Ten years later, he is twenty-five, still seven feet seven, and no longer pursuing the NBA dream that everyone—possibly even himself—had thought was unattainable. Rather, he appeared in Fede Álvarez’s Alien: Romulus in 2024 under the simple title “Offspring,” portraying a Human-Xenomorph mutant in what turned out to be one of the most talked-about horror films of the year. He has now been cast in Kane Parsons’ upcoming Backrooms adaptation, the eagerly awaited A24 project about which fans have been speculating for years. He is playing The Entity, according to online forums. They might be correct. He has the appropriate silhouette.

When you read his story again, you’ll notice how much of it seems like a slow correction. The original story was fairly simple. Zsigmond Bobęczky, a Romanian international who formerly played alongside Gheorghe Mureșan, is his father. Mom used to play volleyball. Their boy’s genetic makeup resulted in something that the medical literature could only characterize as constitutional tall stature, healthy, and not pathological. He was meant to play hoops. In 2018, the Washington Post featured him as the tallest adolescent in the world. A letter of recruitment from Rochester Christian University, an SPIRE Institute jersey, and the meticulously crafted limitations intended to safeguard his still-developing body were all present. Every piece was present.

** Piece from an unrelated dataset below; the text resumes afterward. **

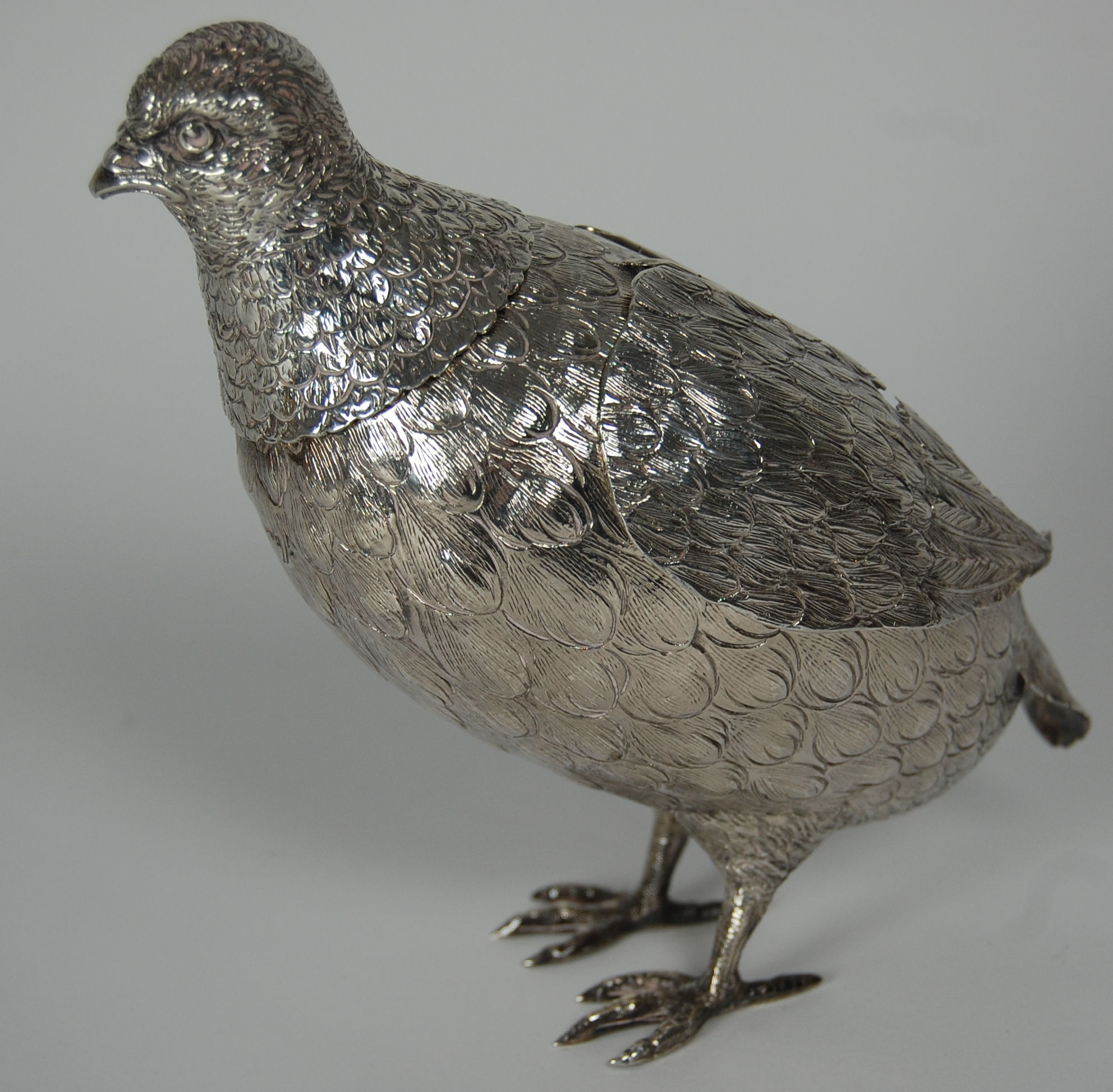 with London import marks 1897, naturalistically formed with engraved feathers, hinged wings and pull off head
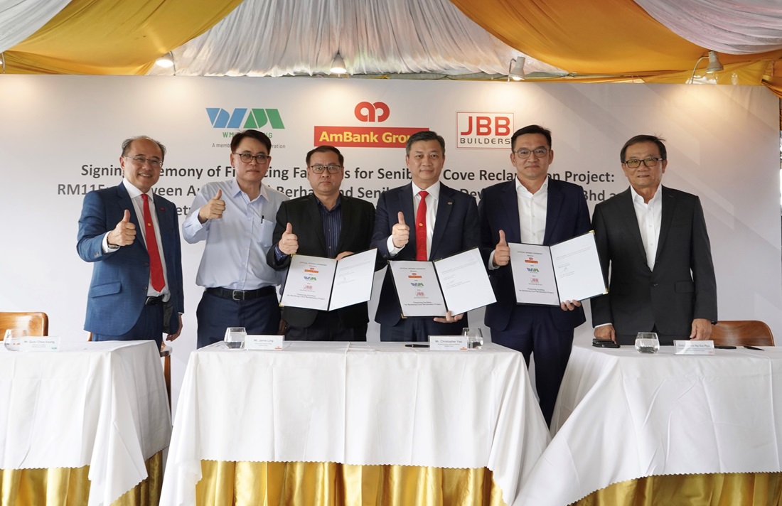 .jpg) (From left) Jamie Ling, Group Chief Executive Officer of AmBank Group, Quay Chew Keong, Chief Executive Officer of WM Senibong, Ling Ngie Soon, Project Director of WM Senibong, Christopher Yap, Managing Director of Business Banking, AmBank Group, Brian Lam Fung Eng, Executive Director of JBB Builders International Limited and Dato’ James Ng Say Piyu, Co-Founder, Chairman of the Board and Executive Director of JBB Builders International Limited at the signing ceremony.JOHOR BAHRU, Sept 30 (Bernama) -- AmBank Group has granted RM115 million financing facilities to Senibong Cove Development Sdn Bhd, a wholly owned subsidiary of WM Senibong Sdn Bhd; and RM78 million to JBB Builders (M) Sdn Bhd, the appointed contractor for the reclamation of 150 acres of waterfront land in Senibong Cove, directly across the Johor Strait from Sembawang, Singapore (“The Project”). Senibong Cove is a luxury waterfront development in Johor Bahru; well-known for its beautiful marina, lush vistas, and spectacular water views. This is an exclusive 215-acres community, situated across the Johor Straits from Singapore, redefining waterfront lifestyle. Today, Senibong Cove boasts an extensive waterfront boardwalk, a world-class marina, lush parks and more than 1,400 completed homes. The Project is an extension of the Senibong Cove masterplan and expansion of landbank to provide more high-quality designed homes in curated communities. The Project which is expected to be completed in 2028 with an estimated GDV of more than RM5 billion, will allow for the development of more than 4,000 high end terraces, apartments, hotels and serviced apartments, retail, and customs and immigration clearance facility for private leisure craft and yachts. “Leveraging on the momentum of the recently announced Johor-Singapore Special Economic Zone (JS-SEZ), we are glad to have part-financed this milestone for Senibong Cove. It is important for organizations to embark on sustainable projects to improve the socio-economic status of the nation. We are aware of our responsibility as corporate citizens to contribute towards holistic growth and sustainable development of the community. AmBank recognises the need for accessible financing options to empower businesses in their efforts towards sustainable development. This sprawling development is not only an investment in real estate but an investment in a more sustainable and inclusive future,” said Jamie Ling, Group Chief Executive Officer, AmBank Group Christopher Yap, Managing Director, Business Banking, AmBank Group said, “As part of the bank’s support towards Senibong Cove Development Sdn Bhd and JBB Builders (M) Sdn Bhd, we are pleased to play our part towards the ongoing development of Johor and to deliver socially responsible projects that benefit the broader community in Johor. We believe this reclamation project will continue to spur economic development particularly under JS-SEZ and across Malaysia, paving the way towards a more sustainable and prosperous nation.” CK Quay, CEO, WM Senibong Sdn Bhd said, “AmBank has always been a strong supporter of WM Senibong since we established a banking relationship with them for more than 10 years. We thank AmBank for their dedication and commitment to us. When we decided to embark on the reclamation project, it was not easy to obtain bank financing. But after meeting with AmBank’s top management, the loan was approved expeditiously. We hope this project will be a huge success for all stakeholders.” Dato’ Ng Say Piyu, Chairman and Executive Director of JBB Builders (M) Sdn. Bhd. said, “It is our pleasure to be involved in the Senibong Cove Project. With the support of AmBank Group, we believe we can execute the project efficiently. The participation of this project would be one of our major business milestones and will further enhance our competitiveness to be a leading player in the marine construction industry. Together with the latest government’s policies, we strive for sustainable development and growth in our city.” About AmBank Group AmBank Group is a leading financial services group with over 40 years of expertise in supporting the economic development of Malaysia. We have over three million customers and employ over 8,000 people. The Group was listed on the Main Market of Bursa Malaysia in 1988. It is the sixth-largest banking group by assets in Malaysia, with a market capitalisation of more than RM13 billion as at 31 March 2024. AmBank Group serves over three million individual and corporate customers. It provides services in wholesale banking, retail banking, business banking, investment banking and related financial services which include Islamic banking, underwriting of general insurance, life insurance, family takaful, stock and share broking, futures broking, investment advisory and asset management services in unit trusts and real estate investment trusts.

However, it appears that basketball never quite turned out the way it was supposed to. When he first entered American high school, he weighed just 190 pounds, giving him a body mass index of 16.1—a figure that would worry any doctor. His time in college was cut short by the COVID-19 pandemic. He returned to Romania. He returned. Reading between the lines of the different profiles gives the impression that, despite his height suggesting otherwise, his body was simply unable to meet the demands of the sport.
However, you are not asked to run a fast break in Hollywood. It asks you to stand in a doorway and evoke an emotion in the audience that they are unable to identify. By all accounts, Bobroczkyi is capable of doing that effortlessly. This has a clear commercial logic. There are very few options available to casting directors seeking real, unsimulated physical strangeness, and CGI, no matter how advanced, still tends to look like CGI. An actor who is actually seven feet seven inches tall is something else.

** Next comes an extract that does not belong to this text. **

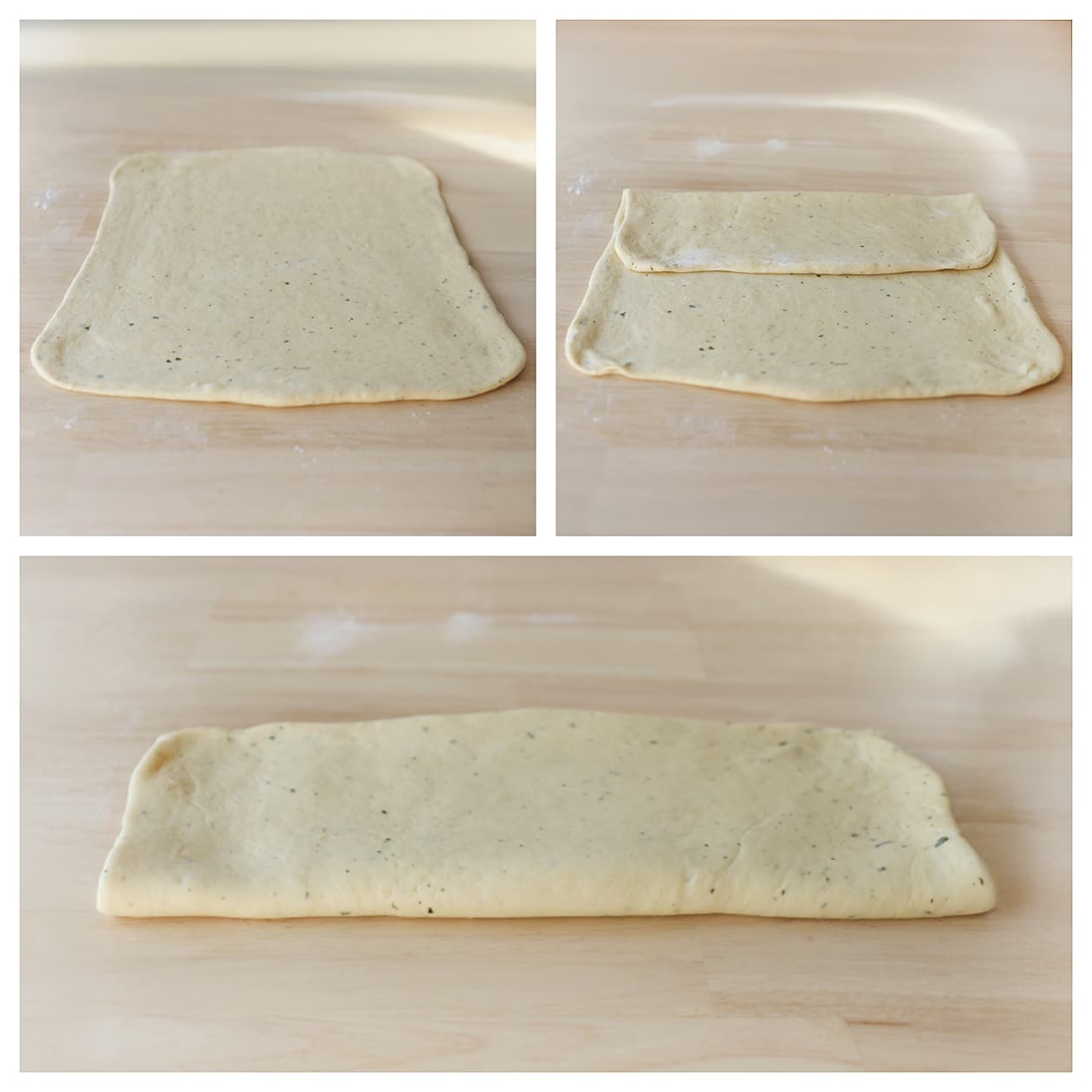 Vouw het bovenste gedeelte van het deeg naar het midden toe. Vouw vervolgens de onderkant van het deeg over het bovenste gedeelte, zodat er een drielagige rechthoek ontstaat.

The cultural pattern at work is difficult to ignore. Similar in stature was the late British actor Neil Fingleton, who played parts in X-Men and Game of Thrones. Sun Mingming gained experience in both film and wrestling. Stories about the unknown, the dangerous, and the otherworldly consistently feature the extremely tall. A career path that is solely determined by how your body appears to others is both flattering and unsettling.
It is unknown to the public whether Bobroczkyi enjoys his work or what he thinks about being typecast before he has even begun. He has 53,000 followers on Instagram but no posts, which seems to be a conscious decision. He is multilingual. Backrooms will be released in 2026. He doesn’t seem particularly eager to defend himself as you watch this play out.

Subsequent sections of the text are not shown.